Extract verbatim every line from the one containing "their wedding night." to the final line of the records below, inclusive, and exclude all pictures.

Data records:
__________________________________________________
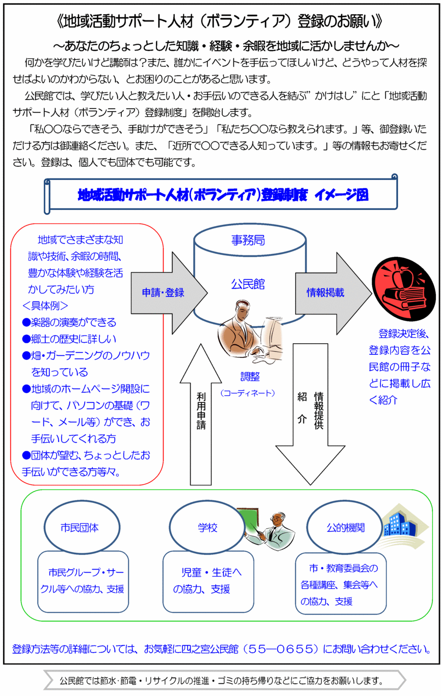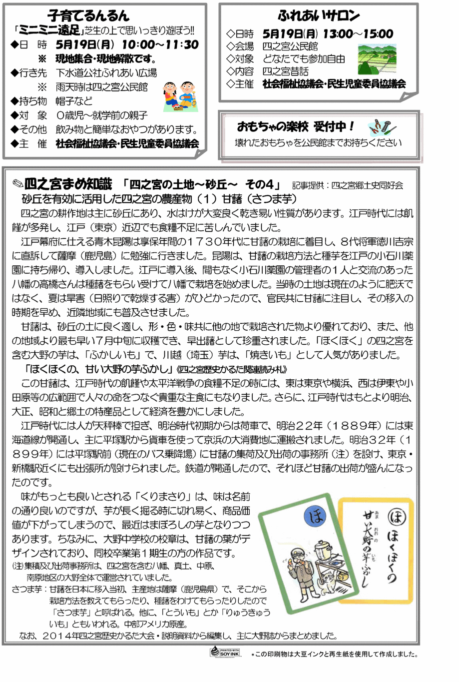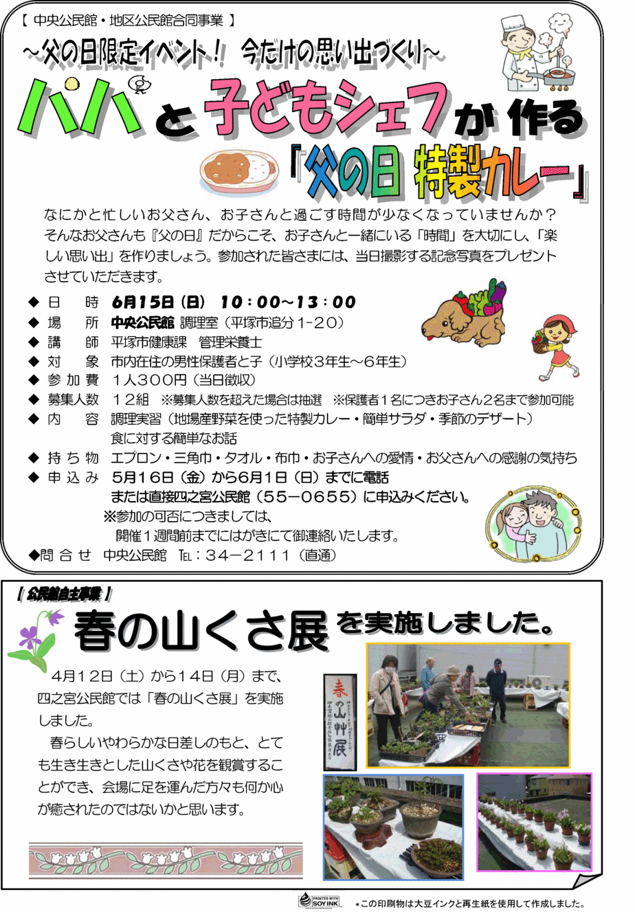 p.1 ☆高齢者学級が始まります! ・6月3日(火)13:30〜15:00自転車の交通ルール振り込め詐欺等について 平塚警察署交通課・生活安全課 交通安全母の会の皆さん ・6月5日(木)13:30〜15:00平塚空襲について-旧大野町-元博物館長土井浩氏 ・6月9日(月)13:30〜15:00童謡・唱歌を楽しく歌おう! 小瀬村春雄氏 ・6月11日(水)13:30〜15:00リンパマッサージで心も体も健康体 湘南リンパ四季の会 ・6月19日(木)8:45〜17:30〔移動学習〕崎陽軒横浜工場、新横浜ラーメン博物館、赤レンガ倉庫 ※ドラッグセイムス四之宮店に8:30までに集合 ・会場:移動学習以外は四之宮公民館です。 ・対象:地区在住の60歳以上の方ならどなたでも御参加いただけます。 ・定員:50名程度(移動学習は44名) ・参加費:3;000円(移動学習に参加する方のみ。昼食代は含みません。) ・申込み:5月14日(水)9:00から四之宮公民館へ 《 明寿会に加入されている方は参加費を添えてクラブ長さんへ 》 ・会場:移動学習以外は四之宮公民館2階集会室です。 ・対象:地区在住の60歳以上の方ならどなたでも御参加いただけます。 ・定員:50名程度(移動学習は44名) ・その他:全日程に参加できなくても構いません。但し移動学習のみの参加はできません。 p.2 ☆【 中央公民館・地区館合同事業 】〜父の日限定イベント! パパと子どもシェフ作る「父の日特製カレー」 ・日時:6月15日(日)10:00〜13:00 ・場所:中央公民館調理室(平塚市追分1-20) ・講師:平塚市健康課管理栄養士 ・対象:市内在住の男性保護者と子(小学校3年生〜6年生) ・参加費:1人300円(当日徴収) ・募集人数:12組 ※募集人数を超えた場合は抽選 ※保護者1名につきお子さん2名まで参加可能 ・内容: 調理実習(地場産野菜を使った特製カレー・簡単サラダ・季節のデザート)食に対する簡単なお話 ・持ち物:エプロン・三角巾・タオル・布巾・お子さんへの愛情・お父さんへの感謝の気持ち ・申込み:5月16日(金)から6月1日(日)までに電話または直接四之宮公民館(55−0655)に申込みください。 ※参加の可否につきましては開催1週間前までにはがきにて御連絡いたします。 ・問合せ:中央公民館 :34−2111(直通) ・日時:6月15日(日) 10:00〜13:00 ・場所:中央公民館 調理室(平塚市追分1-20) ・講師:平塚市健康課管理栄養士 ・対象:市内在住の男性保護者と子(小学校3年生〜6年生) ・参加費:1人300円(当日徴収) ☆春の山くさ展を実施しました。【省略】 p.3 ☆《地域活動サポート人材(ボランティア)登録のお願い》〜あなたのちょっとした知識・経験・余暇を地域に活かしませんか〜 ・何かを学びたいけど講師は?また、誰かにイベントを手伝ってほしいけど、どうやって人材を探せばよいのかわからない、とお困りのことがあると思います。公民館では、学びたい人と教えたい人・お手伝いのできる人を結ぶ”かけはし”にと「地域活動サポート人材(ボランティア)登録制度」を開始します。「私○○ならできそう、手助けができそう」「私たち○○なら教えられます。」等、御登録いただける方は御連絡ください。また「近所で○○できる人知っています。」等の情報もお寄せください。登録は個人でも団体でも可能です。 登録方法等の詳細については、お気軽に四之宮公民館(55-0655)にお問い合わせください。 p.4 ☆子育てるんるん「ミニミニ遠足」芝生の上で思いっきり遊ぼう!! ・日時:5月19日(月)10:00〜11:30※現地集合・現地解散です。 ・行き先:下水道公社ふれあい広場※雨天時は四之宮公民館 ・持ち物:帽子など ・対象:0歳児〜就学前の親子 ・その他:飲み物と簡単なおやつがあります。 ・主催:社会福祉協議会・民生児童委員協議会 ☆ふれあいサロン ・日時:5月19日(月)13:00〜15:00 ・会場:四之宮公民館 ・対象:どなたでも参加自由 ・内容:四之宮昔話 ・主催:社会福祉協議会・民生児童委員協議会 ☆四之宮まめ知識「四之宮の土地〜砂丘〜 その4」砂丘を有効に活用した四之宮の農産物(1)甘藷(さつま芋) 記事提供:四之宮郷土史同好会【省略】 |
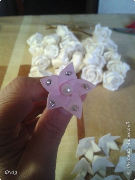 Чтобы цветок имел законченный вид в середину цветка приклеиваю или креплю на проволоку бусину, можно приклеить стразы.
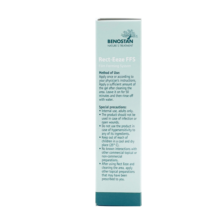 Benostan Nature's Treatment Rect-Eeze FFS (Hộp chứa một tuýp 30 ml, một vòi nhựa) có thương hiệu và được sản xuất bởi Benostan Health Products S.A., có nguồn gốc từ Hy Lạp.
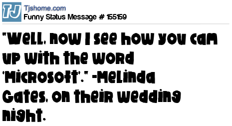 - # 173369 "Well, Bill, now I see how you came up with the word 'Microsoft'." -Melinda Gates, on their wedding night.
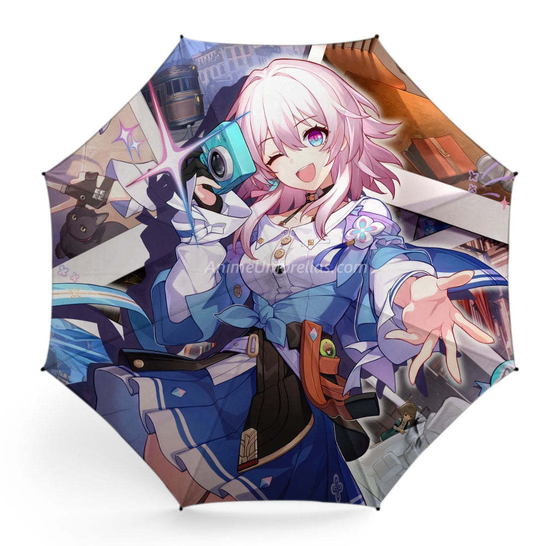 This umbrella features March 7th holding a camera with a bright smile. Dressed in blue and white with cute details around her, the design is full of energy and youthful charm, letting fans carry her lively spirit and the adventure of Honkai Star Rail on rainy days.
__________________________________________________
■ **RESULT BELOW**
 - # 173369 "Well, Bill, now I see how you came up with the word 'Microsoft'." -Melinda Gates, on their wedding night.
 This umbrella features March 7th holding a camera with a bright smile. Dressed in blue and white with cute details around her, the design is full of energy and youthful charm, letting fans carry her lively spirit and the adventure of Honkai Star Rail on rainy days.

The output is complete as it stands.